The Prophet (peace be upon him) said:
“Allah, Most High, is Ha’yeii (Bashful), Sit’teer (Shielder). He loves Haya’ (Bashfulness) and Sitr (Shielding; Covering).” The Prophet (peace be upon him) also said: “Any woman who takes off her clothes in other than her husband’s house (to show off for unlawful purposes), has broken Allah’s shield upon her.”
Moreover, the Hijab fits the natural bashfulness as part of the nature of women.
5. Piety
Allah says in the Qur’an:
“O children of Adam! We have bestowed raiment upon you to cover yourselves (screen your private parts, etc) and as an adornment. But the raiment of righteousness, that is better.” (Qur’an, 7:26)
The widespread forms of dresses in the world today are hardly a cover and shield for the woman’s body. For Muslims dress is also an act of Taqwa (righteousness) .
6. Sense of honor
Hijab also protects a man’s Gheerah. A normal man will not like others to gaze at his wife or daughter, because he is protective about them and has that feeling of protective jealousy.

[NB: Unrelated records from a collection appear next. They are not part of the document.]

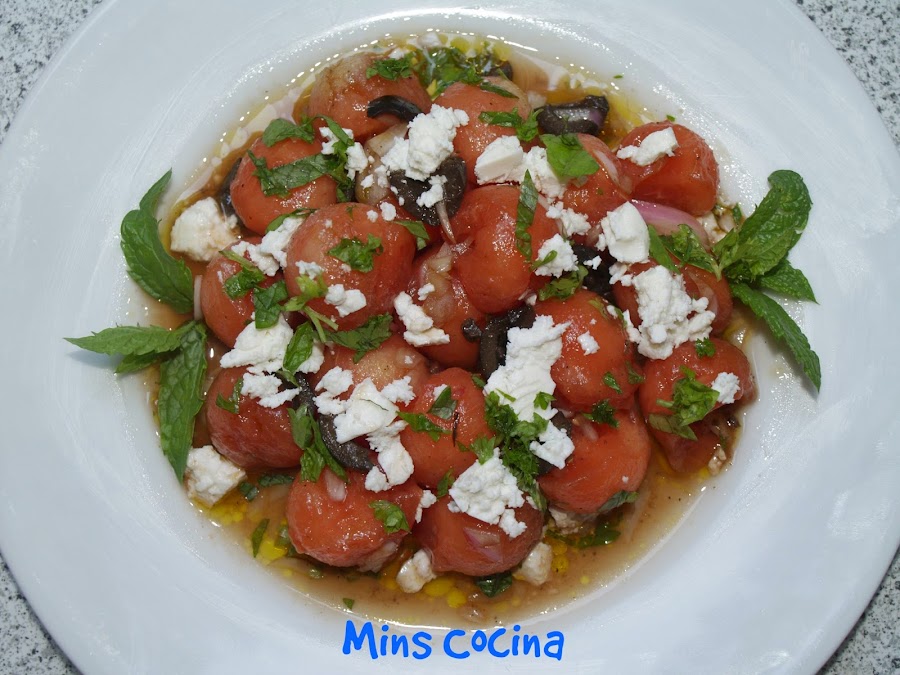 - Aliñamos, removemos, añadimos el queso feta desmigado por encima y por último menta fresca picada. La ensalada ya está lista para comer. Si preferís podéis meterla un rato en la nevera para que la sandía esté bien fresquita. En cualquier caso queda deliciosa y muy refrescante. Una joyita de ensalada!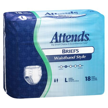 We offer a full line of briefs to suit all lifestyles and sizing needs-for women, men and youth. Attends Briefs are perfect for heavy to severe urinary and/or fecal incontinence for both ambulatory and sedentary users. We carefully select the raw materials and engineer our briefs to channel wetness away from the body helping maintain dry, healthy skin and controlling odor.Regardless of the style you choose, Attends briefs are always designed for comfort and secure protection. All of our briefs contain super absorbent polymers to lock fluid in the core, as well as a moisture-proof layer and leg gathers to prevent leakage. They feature closures to hold them securely in place and a color indicator to signal when the brief needs to be changed. Attends briefs are packaged for easy identification of sizing by color. Attends Briefs Waistband Style offer many of the same features and benefits of our other briefs, but are specifically made to provide a more customized fit with its unique waistband design.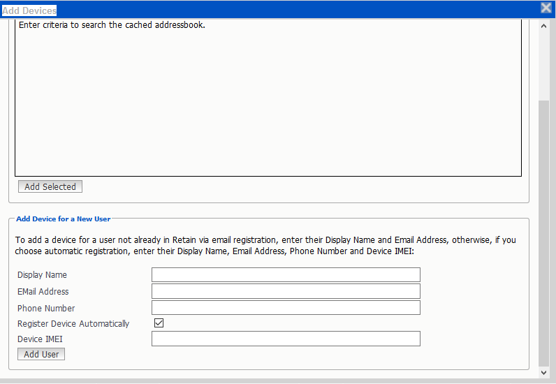 You can also add users which are not cached in the Retain system, but they must be added one at a time by manually entering the display name, email address, phone number and device IMEI associated with each device.

Gheerah is the emotion that drives a man to safeguard his womenfolk from strangers. A Muslim man has Gheerah for all Muslim women. But free intermingling of sexes and absence of Hijab destroys the Gheerah in men. Islam considers Gheerah an integral part of faith. The dignity of the wife or daughter or any other Muslim woman must be highly respected and defended.
Hijab proves you Independent
Hijab expresses your independence. You are stating clearly that you are an obedient servant of the Greatest Master. You will obey no one else and follow no other way. You are not a slave to any man, nor a slave to any nation. You are free and independent from all man-made systems.
Hijab never oppress
Rather, Hijab gives you the freedom of movement and expression. You are able to move about and communicate without fear of harassment. Your hijaab gives you a unique confidence.
Allah wants others to treat you – a Muslim woman – with kindness. And the hijaab brings about the best treatment of men towards you.Hijab preserve and save your beauty for just one man to enjoy i.e; your husband.
Hijab helps you to enjoy a successful marriage. Because you reserve your beauty for one man alone, your husband’s love for you increases, he cherishes you more, he respects you more and he honours you more. So your hijaab contributes to a successful and lasting marriage relationship.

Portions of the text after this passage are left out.